The inverse model thus creates a selection pressure for Fourier features without ever being told what Fourier features are. It doesn’t say “use this basis.” It says: make transformations predictable from your representations. The Fourier basis is the simplest way to satisfy this demand.

A surprising asymmetry

We train four conditions on the Zipfian grokking task (\(p = 97\), Zipf exponent 1.5, where two training pairs account for ~50% of the gradient).⁴ Each condition uses the same encoder architecture. All losses — including the auxiliary ICM losses — use Zipfian weighting.

Condition	Peak Test Accuracy	Training Stability
Baseline (task only)	90.1%	Severe oscillations
Inverse only	96.8%	Moderate instability
Forward only	82.0%	Stable
Full ICM (both)	88.8%	Mild instability

In the inverse model-only condition, compared to the baseline task-only run, the model is both more stable and achieves a higher peak test accuracy (90% \(\to\) 97%), approaching the level of clean grokking without any Zipfian weighting. The inverse dynamics objective pushes representations toward Fourier structure even under heavily biased gradients.

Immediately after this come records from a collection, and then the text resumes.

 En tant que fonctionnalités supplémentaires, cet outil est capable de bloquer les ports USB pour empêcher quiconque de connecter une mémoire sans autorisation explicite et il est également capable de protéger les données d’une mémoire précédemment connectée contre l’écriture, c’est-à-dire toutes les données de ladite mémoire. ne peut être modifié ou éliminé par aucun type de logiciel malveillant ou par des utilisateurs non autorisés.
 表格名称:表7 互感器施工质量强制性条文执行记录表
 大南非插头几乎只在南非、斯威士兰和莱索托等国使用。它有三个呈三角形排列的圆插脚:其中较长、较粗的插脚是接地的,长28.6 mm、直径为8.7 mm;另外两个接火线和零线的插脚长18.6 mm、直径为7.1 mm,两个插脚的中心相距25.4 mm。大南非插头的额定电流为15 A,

Surprisingly, the forward-only condition makes training dramatically more stable while hurting peak test accuracy. Its objective is to predict \(z'\) from \((z, k)\): given the current representation and a transformation, what will the resulting representation be? It compresses the range of loss oscillations by a factor of 43,000 compared to baseline while achieving worse peak generalization than having no auxiliary task at all (82% vs 90%).

train accuracy test accuracy forward loss inverse loss

Training dynamics across all four conditions. Top row: task accuracy (blue = train, orange = test). Bottom row: forward (green) and inverse (yellow) prediction losses. The key comparison is the bottom row: in inverse_only, both losses decline together; in forward_only, only the forward loss declines while inverse loss flatlines at chance. Hover to compare across conditions.

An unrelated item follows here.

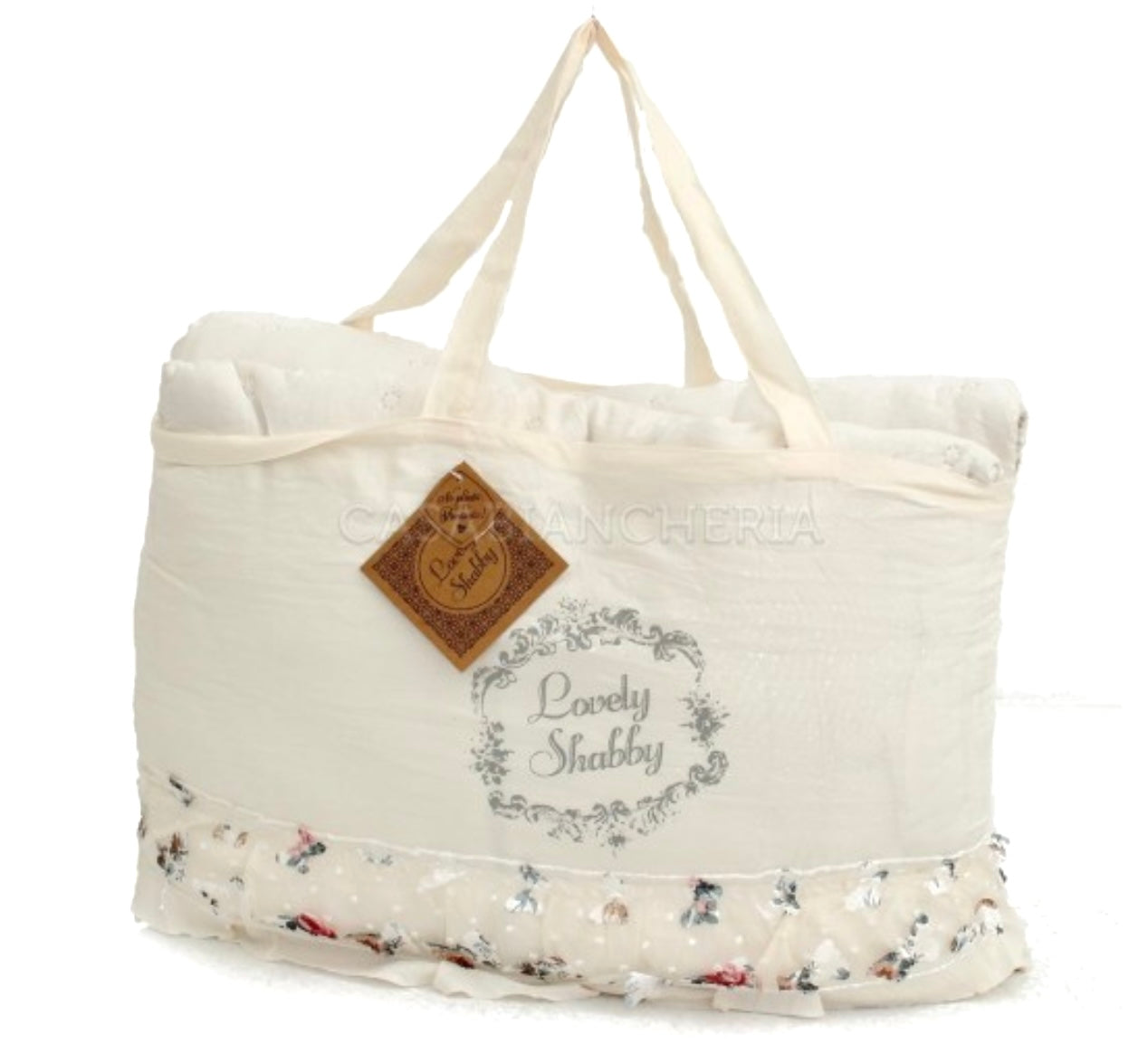 Copriletto trapuntato in tinta unita confezionato in borsa con manici abbinata al trapuntino
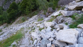 Quelques bouts de murs, assez récents, consolident les abords du sentier. En contrebas le ri di Tomé coule paisiblement. Mais il ne faut pas se fier à l’eau qui dort. Il n’y a qu’à voir les blocs de rochers éparpillés. Et se dire que les travaux en cours qui ne n’ont pas lieu sans raison.

In each condition, forward and inverse model heads are trained as diagnostics on the encoder’s representations, but only the active objectives (inverse only, forward only, full ICM, etc.) backpropagate through the encoder itself. This lets us ask: what does each training signal do to the encoder’s representations, as judged by the other task?

In inverse_only (row 2, middle panel), both losses decline together — the forward loss drops by three orders of magnitude even though no forward objective shapes the encoder. In forward_only (row 3), only the forward loss declines; the inverse loss remains at chance level for the full 2 million epochs.

Mechanistically, this strongly hints at the relative strength of the inductive biases that each objective introduces. When the inverse objective pushes the encoder toward Fourier features, translations become systematic phase rotations in representation space. This makes both prediction tasks easy: given \(z\) and \(k\), computing \(z'\) is a phase rotation (forward); given \(z\) and \(z'\), reading off \(k\) is the same operation in reverse (inverse). Fourier structure gives you both for free.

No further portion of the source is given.